With pictures omitted, restate the data word for word.

● **Supplied information**:
______

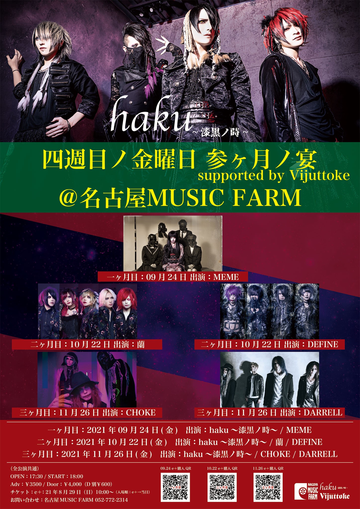 11/26(金) 公演三ヶ月目:haku~漆黒ノ時~ / DARRELL / CHOKE
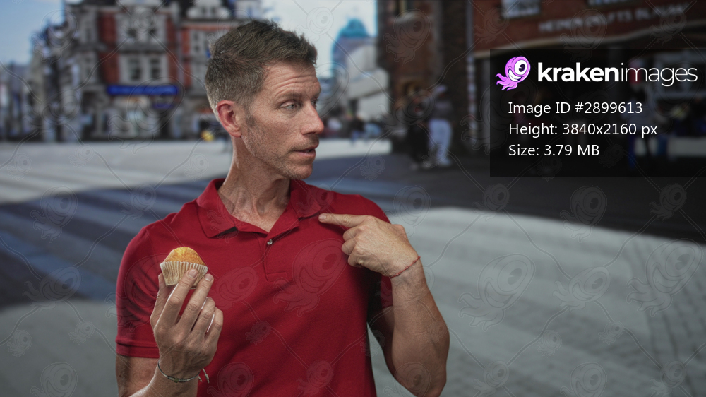 Young man holding muffin points finger to chest on city street wearing red polo and bracelets; doubt humor.
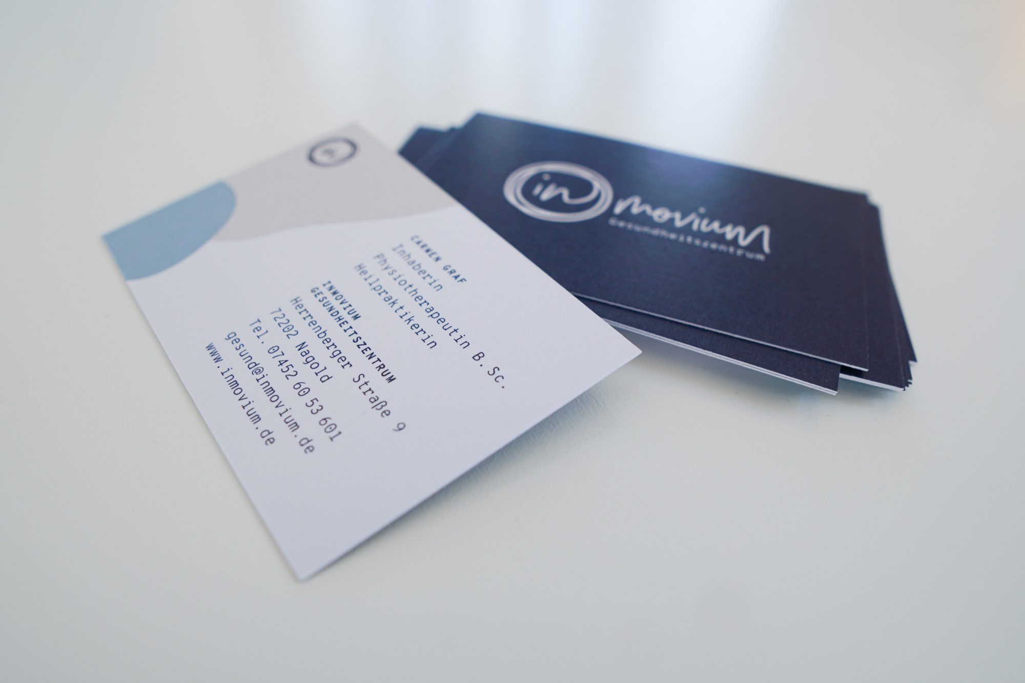 Carmen Graf wollte ihre kleine Physiopraxis hinter sich lassen und mit inMovium ein offenes Gesundheitszentrum aufbauen: mit erweiterten, integrativen Therapiemethoden und Räumen, die auch weiteren Akteur:innen aus der Branche Platz geben. Der Auftritt musste diesen Schritt tragen und eine Atmosphäre vermitteln, die Ruhe und Vertrauen ausstrahlt.
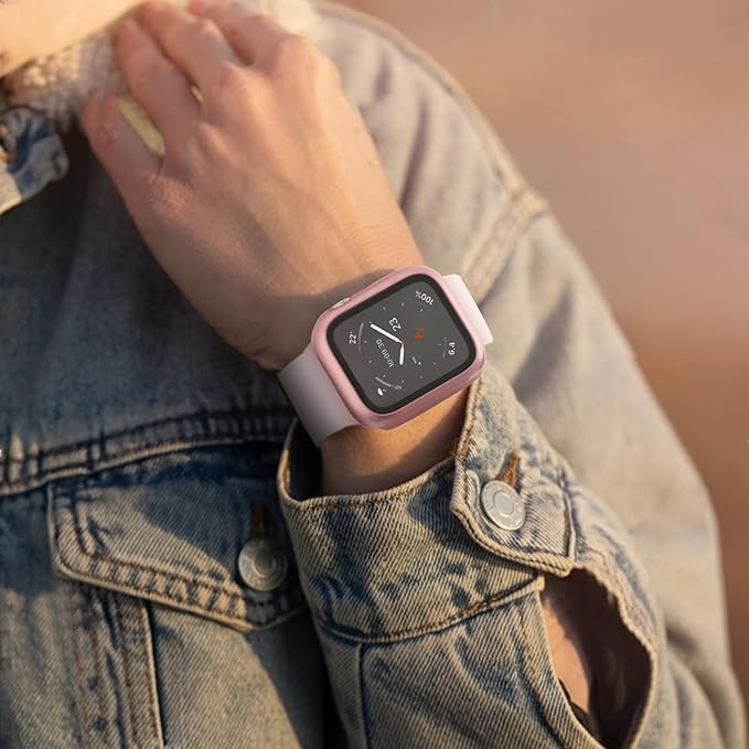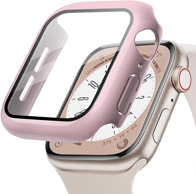 POLINK for Apple Watch用 ケース Series 11/10/9/8/7/6/5/4/SE3/SE2/SE 46mm PC素材 強化ガラス アップルウォッチ 保護用カバー 超薄型 高耐久 耐衝撃 高透過率 指紋防止 for Apple Watch用 カバー 全面保護 ローズゴールド a

______

● **Response**:
 11/26(金) 公演三ヶ月目:haku~漆黒ノ時~ / DARRELL / CHOKE
 Young man holding muffin points finger to chest on city street wearing red polo and bracelets; doubt humor.
 Carmen Graf wollte ihre kleine Physiopraxis hinter sich lassen und mit inMovium ein offenes Gesundheitszentrum aufbauen: mit erweiterten, integrativen Therapiemethoden und Räumen, die auch weiteren Akteur:innen aus der Branche Platz geben. Der Auftritt musste diesen Schritt tragen und eine Atmosphäre vermitteln, die Ruhe und Vertrauen ausstrahlt.
 POLINK for Apple Watch用 ケース Series 11/10/9/8/7/6/5/4/SE3/SE2/SE 46mm PC素材 強化ガラス アップルウォッチ 保護用カバー 超薄型 高耐久 耐衝撃 高透過率 指紋防止 for Apple Watch用 カバー 全面保護 ローズゴールド a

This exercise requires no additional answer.